Efficient implementation of kilogram-scale, high-capacity and long-life Si-C/TiO2 anodes

Abstract

High-performance silicon-carbon (Si-C) anodes have drawn extensive attention for next-generation high-energy lithium-ion batteries (LIBs). However, it is challenging to develop an easily scalable but effective strategy for fabricating Si-C composites to address the issues of low tap density, low initial coulombic efficiency (ICE), and poor interfacial compatibility. Here, a scalable method has been developed to fabricate kilogram-scale graphite-Si-C/TiO2 composites (GSCT) consisted of Si nanoparticles tightly fixed on the micron-graphite skeleton covered with a thin C/TiO2 layer via liquid-phase self-assembly combined with mechanical fusion and solid-phase sintering treatment.

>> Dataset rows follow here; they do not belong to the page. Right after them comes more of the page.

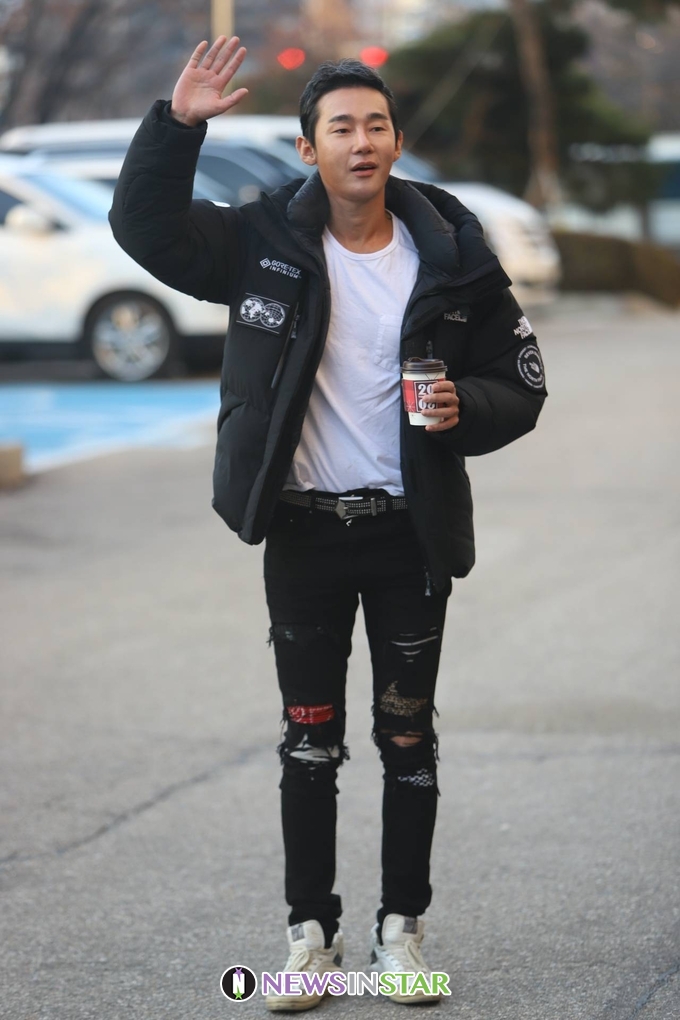 이날 허지웅이 출근길에 포즈를 취하고 있다.
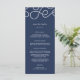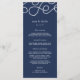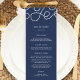Kustens chic bröllop-meny i klassiskt marinblått innehåller ditt starterska kurser, inlägg och efterrätter i vitt brev, där ditt namn och bröllop-datum är täckt av en vit nautisk repillustration. Samordnar med vår sjövärdiga samling för bröllop och firande på sjön, stranden eller sommaren. Lägg till menyinformation genom att Använda mallen fält och klicka sedan på Anpassa om du vill flytta inslag om det behövs. Behöver du hjälp? Kontakta mig via länken "Fråga den här designern" på den här sidan.
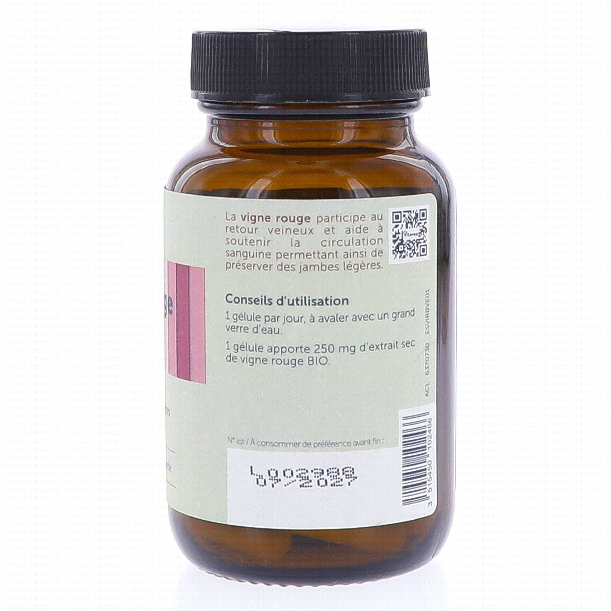 NUTRI'SENTIELS BIO Vigne Rouge 20 gélules est un complément alimentaire qui contribue au bien être circulatoire grâce à la présence de Vigne rouge.

Benefiting from the structural and compositional merits, the as-obtained GSCT-c anode can deliver high ICE values of 80-83% and the tap density of 0.82 g cm−3, and achieve a high reversible capacity of 919.8 mAh g−1 even for 900 cycles at 800 mA g−1, outperforming many reported Si-C anodes. Substantial experimental characterizations and electrochemical investigations clearly unveil that the interface compatibility and structure stabilization mechanism induced by trace TiO2 incorporation and carbon coating, accounting for high-capacity and stable cycling performance. Furthermore, the assembled pouch full cells of GSCT-c||NCM622 delivered stable cycling performance and high energy density of 288.4 Wh kg−1, offering valuable material design concepts for further development in Si-C based anodes.